See Paper: VF Horizons:PAPER: SVA Alternative for Complex Assertions - SystemVerilog - Verification Academy

3

You can use the always. You do not need the always_ff; synthesis will object to the initial statement.
Ben systemverilog.us

4

In reply to hdlcohen:

Ok thank you very much to both of you, Ben and Hdlcohen.

I will check all the links that Ben shared, actually I am using Questa from Mentor, we have the suit tool for our university.

An super scalar processor was done with Verilog and now I am writing that same core with System Verilog so I am checking code here and there to acquire that knowledge by practice so I can quickly implement this cpu.
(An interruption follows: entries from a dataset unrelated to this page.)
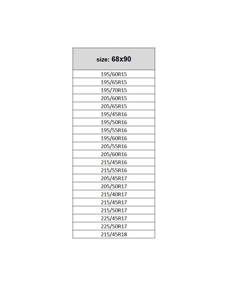 195/60R15, 195/65R15, 195/70R15, 205/60R15, 205/65R15, 195/45R16, 195/50R16, 195/55R16, 195/60R16, 205/55R16, 205/60R16, 215/45R16, 215/55R16, 205/45R17, 205/50R17, 215/40R17, 215/45R17, 215/50R17, 225/45R17, 225/50R17, 215/45R18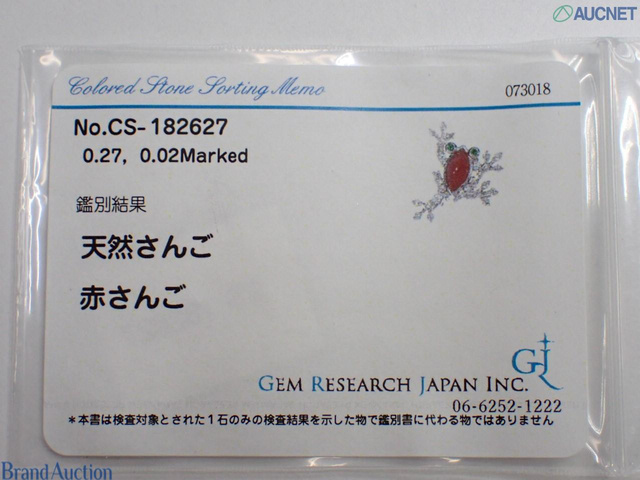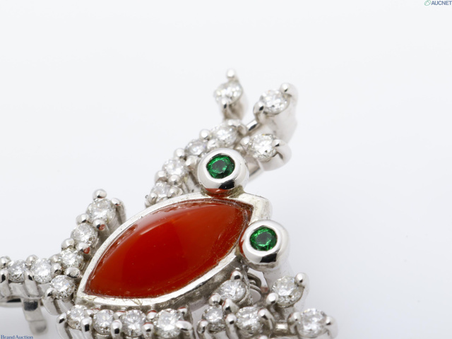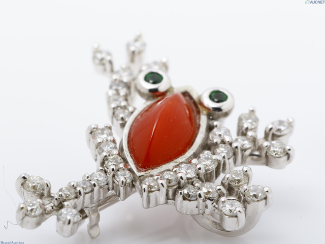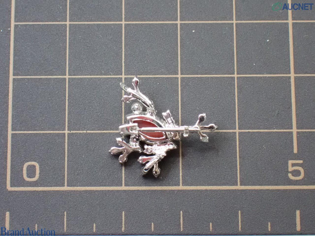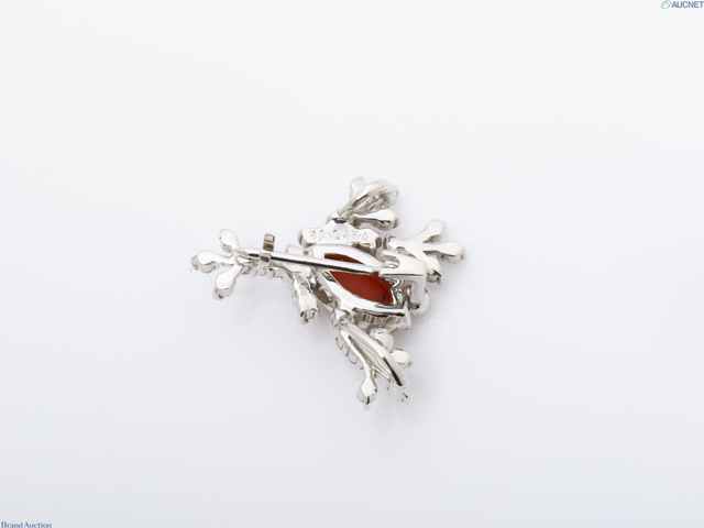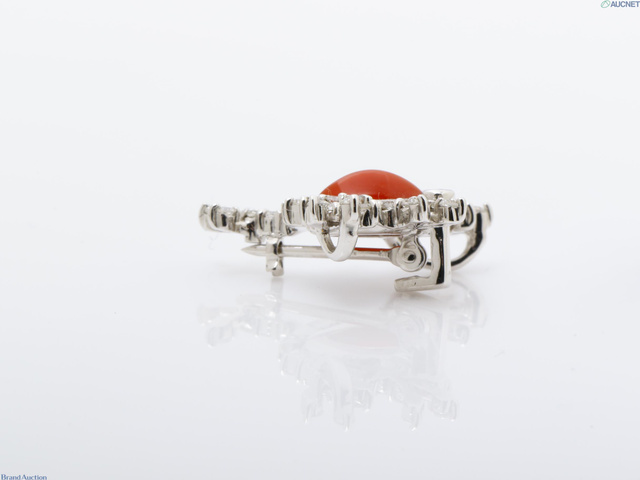 K18WG サンゴダイヤモンドブローチ 2.1g D0.27 G0.02ct
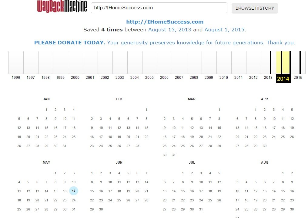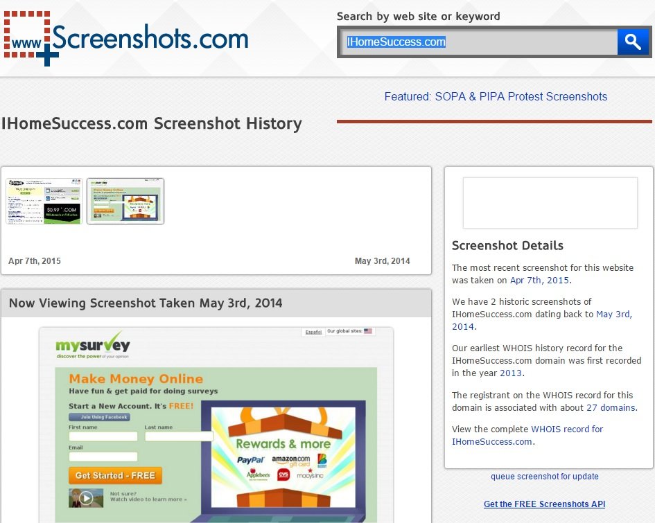 It's the home of the waybackmachine and it can often have a lot more details about a domain name than screenshots.com but the screenshots at archive.org aren't so great. So here's a sample of the history of "ihomesuccess.com"
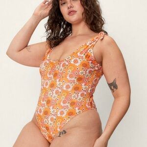NWT Nasty Gal Floral Tie. One Piece Swimsuit 24 Orange Floral Daisy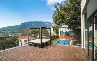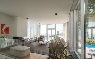 Двухэтажная вилла общей площадью 700 кв.м., вилла в современном архитектурном стиле, большие панорамные окна с раздвижными системами патио, плавательный бассейн с переливом, панорамные виды на море.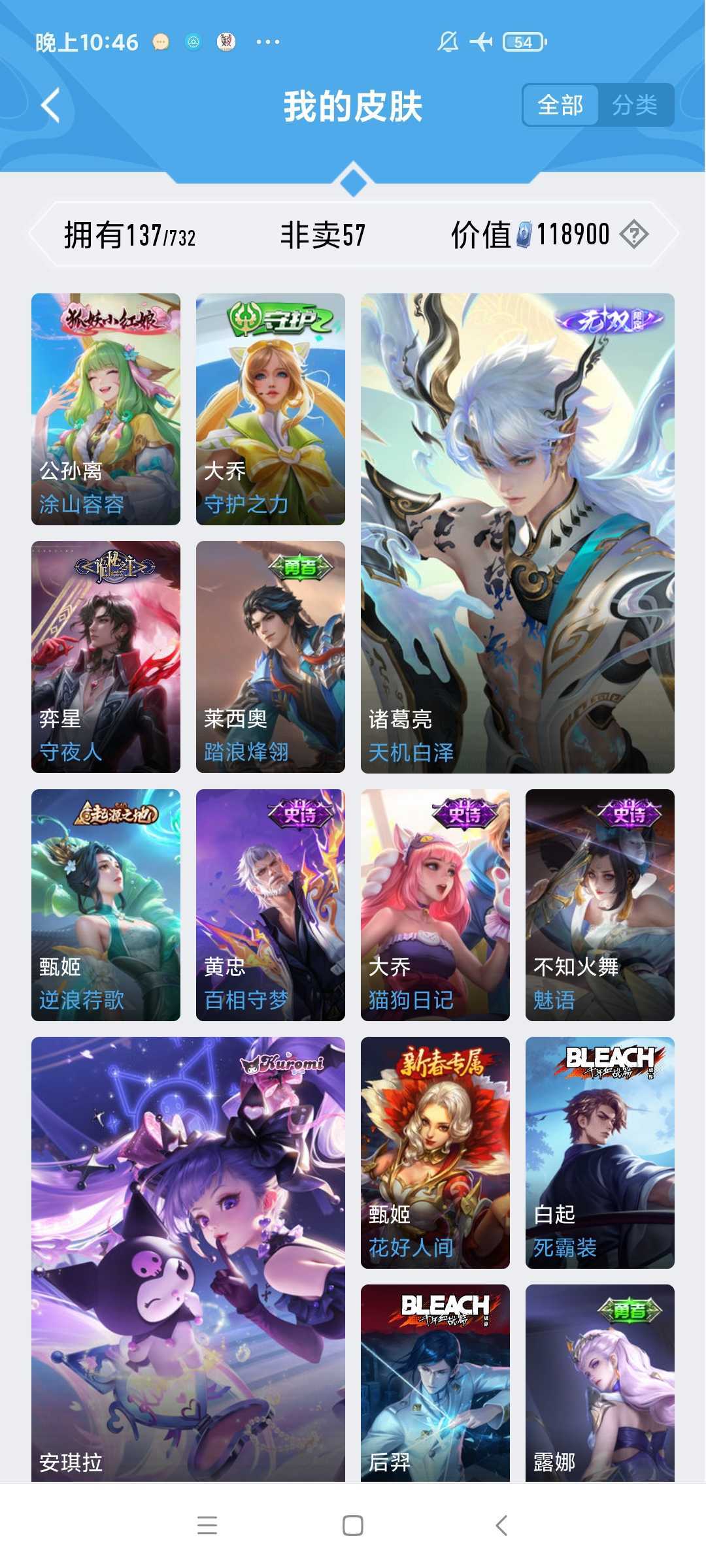 诸葛亮无双✸柯南✸怪盗基德✸曜无双✸安琪拉珍品✸谪仙✸无双飞将✸祈雪灵祝✸霜月尽诗剑行电光澜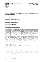 "content": "Landtag von Sachsen-Anhalt Drucksache 7/6367 20.07.2020 Antwort der Landesregierung auf eine Kleine Anfrage zur schrift- lichen Beantwortung Abgeordneter Bernhard Daldrup (CDU) Probenahme der Nitratmessung Kleine Anfrage - KA 7/3759 Vorbemerkung des Fragestellenden: Am 13. Mai 2020 lud der Ausschuss für Ernährung, Landwirtschaft und Forsten zum Fachgespräch zum Messstellennetz für Nitrat im Grundwasser ein. Seitens des Vize- präsidenten des Bauernbundes Sachsen-Anhalt e. V. wurde darin die Nachvollzieh- barkeit der Messwerte am Beispiel der Messstelle 445054 bei Hornhausen in der Börde thematisiert. Laut Anlage 2, Drs. 7/5750, handelt es sich um eine Nitratmess- stelle, deren Ergebnisse der Europäischen Umweltagentur übermittelt werden. Die Darstellung hat ergeben, dass an dieser Messstelle Nitratkonzentrationen zwi- schen 140 und 106 mg/l festgestellt wurden. Zwei Beregnungsbrunnen im privaten Besitz, welche sich in 800 m bzw. 1200 m Entfernung zur Nitratmessstelle des Lan- desbetriebes für Hochwasserschutz (LHW) befinden, lieferten bei Messung in selbi- ger Tiefe Nitratkonzentrationen von 4,22 bzw. 9,35 mg/l und sind damit deutlich unter dem Grenzwert befindlicher Konzentrationen. Antwort der Landesregierung erstellt vom Ministerium für Umwelt, Landwirtschaft und Energie Vorbemerkung: Bei der in der Vorbemerkung des Fragestellenden aufgeführten Messstelle 445054 handelt es sich um die Messstelle Oschersleben BR 1a. Da jedoch von einer Mess- stelle bei Hornhausen die Rede ist, wird vermutet, dass es sich hierbei um die Mess- stelle 445066 Hornhausen BR 2a handelt. Das bestätigen auch die zitierten Nitrat- werte zwischen 140 und 106 mg/l. (Ausgegeben am 21.07.2020)",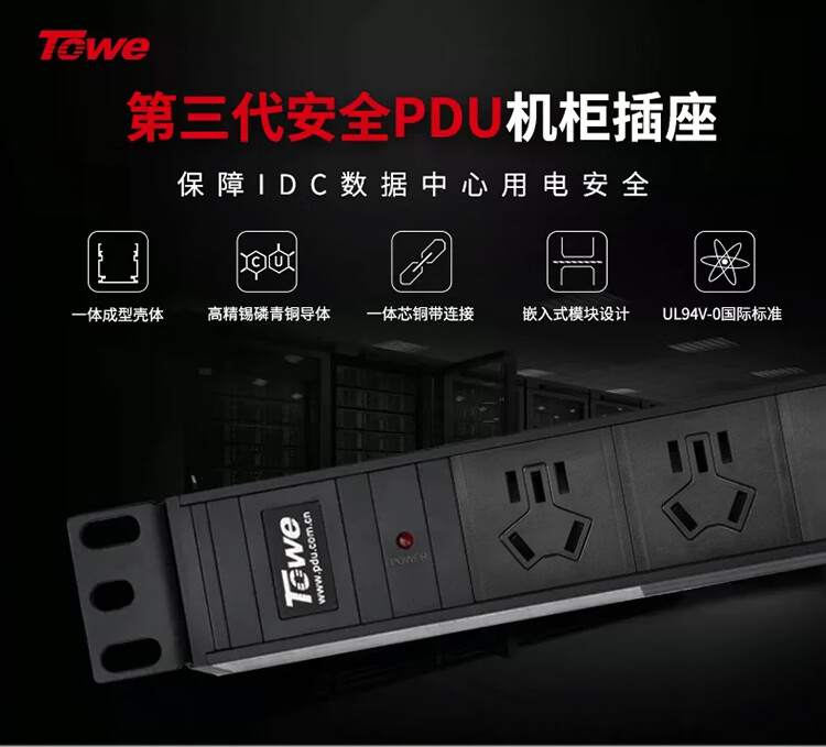 TOWE同为大功率16A/32A工业连接器插头插座PDU机柜插座 带工业插头PDU机柜插座 IDC机房 8位国标16A 三孔加粗双层导电条,EN32G/G824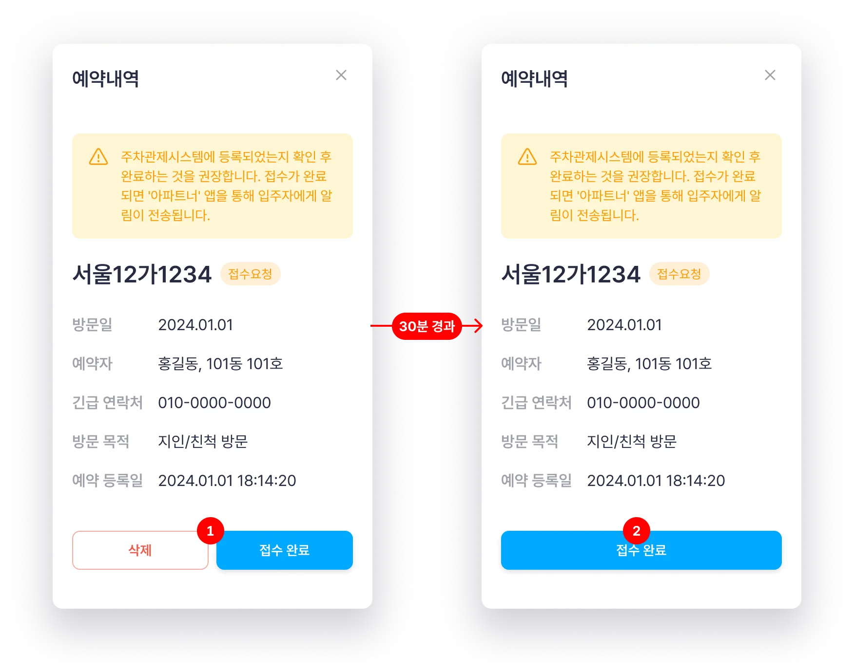 [접수요청]상태 30분 경과 후 : 접수완료만 가능합니다.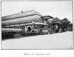 - Les serres : au fil du XVIIe siècle, le Jardin commence à se doter de vraies serres, dont la structure portante est une armature de baguettes de bois sertissant des carreaux de verre. Ces premières serres n'ont pas été conservées mais à l'époque elles étaient déjà conçues pour y entreposer toute l'année, et pas seulement en hiver, des spécimens botaniques exotiques collectés lors de voyages d'exploration. La première serre de ce type, dite « serre chaude », avait été commandée par Charles Bouvard (1572-1658). Plus tard, les plus remarquables serres du XVIIIe siècle ont été principalement édifiée par Joseph Pitton de Tournefort qui peu avant sa mort, en 1708, fit inaugurer deux serres chaudes[2]. Ensuite, en 1714, Sébastien Vaillant fit construire une nouvelle serre chaude, puis encore une autre en 1717. Buffon, quant à lui, en fera édifier une en 1788. Par les termes « serre chaude » ou « serre tempérée » on se référait à l'époque au fait que ces serres contenaient en elles des plantes provenant de climats chauds. Au XIXe siècle, les avancées techniques des serres anglaises permettent à l'architecte Charles Rohault de Fleury, de retour d'un voyage à Londres, de concevoir et faire construire entre 1833 et 1836 un ensemble de grandes serres qui ne dépendent plus de l'orientation au soleil parce qu'elles sont chauffées à la vapeur. Pour le projet d'origine, Charles Rohault de Fleury avait dessiné un ensemble plus vaste mais seulement deux pavillons furent construits et inaugurés en 1836, les actuelles serres dites de Nouvelle-Calédonie (ancienne serre mexicaine) et de l'histoire des plantes (ancienne serre australienne). Plus tard, en 1850, Rohault de Fleury prévit de compléter les deux serres existantes par une serre monumentale. Celle-ci ne fut pas réalisée mais remplacée par celle inaugurée seulement en 1889, ce bien après la mort de Charles Rohault de Fleury.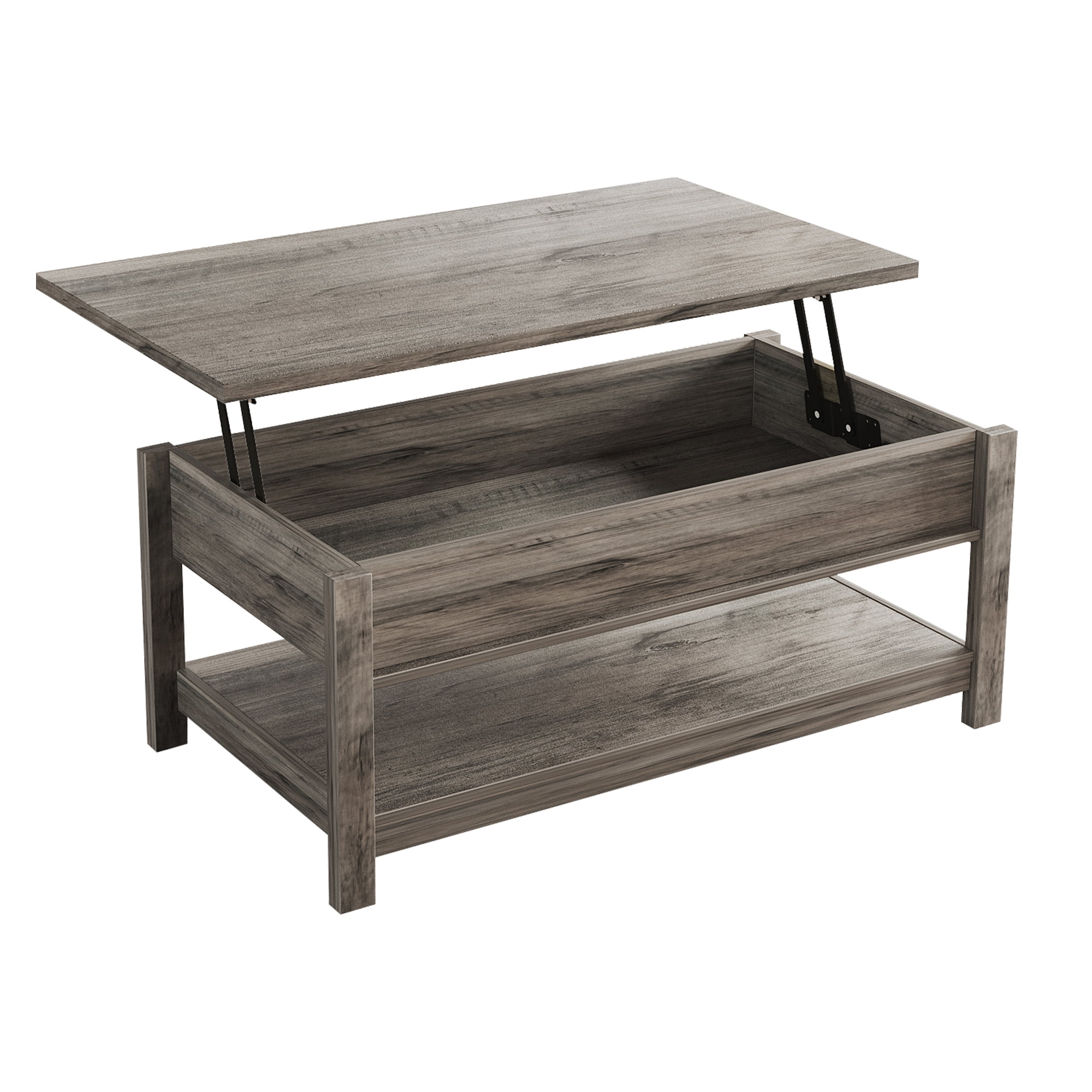 $110.93This 3 in 1 Multi-Function Coffee Table is the perfect addition to any living space. making it ideal for hosting guests or enjoying meals. The tabletop of this coffee table can be effortlessly elevated to a comfortable height to create a spacious workspace or dining surface while you’re sitting on the sofa. A hidden storage compartment beneath the top keeps your everyday items like laptop, remote controllers, game controllers handy and dirt-free. The spacious open shelf holds storage blankets, books, snacks and knick-knacks just fine.This practical table is definitely a worthwhile investment. lift top coffee table with solid construction and selected materials, this coffee table will not wobble once correctly assembled.The heavy-duty metal mechanism allows smooth and easy operation.Made with high-quality materials, this coffee table is designed to withstand regular use and provide long-lasting durability. The coffee table is easy to assemble, with detailed instructions included. You can have it up and ready to use in no time, adding convenience and practicality to your home.

The other thing that I want to do is to do first verification with System Verilog and then using UVM. If you some extra links to reach my goal I will really appreciate.

Regarding the always_ff I already changed for always and it works! ;)
I was thinking what system verilog says, you have to use the always_ff module but I think there is not a problem if I use only always for my cpu synthesis.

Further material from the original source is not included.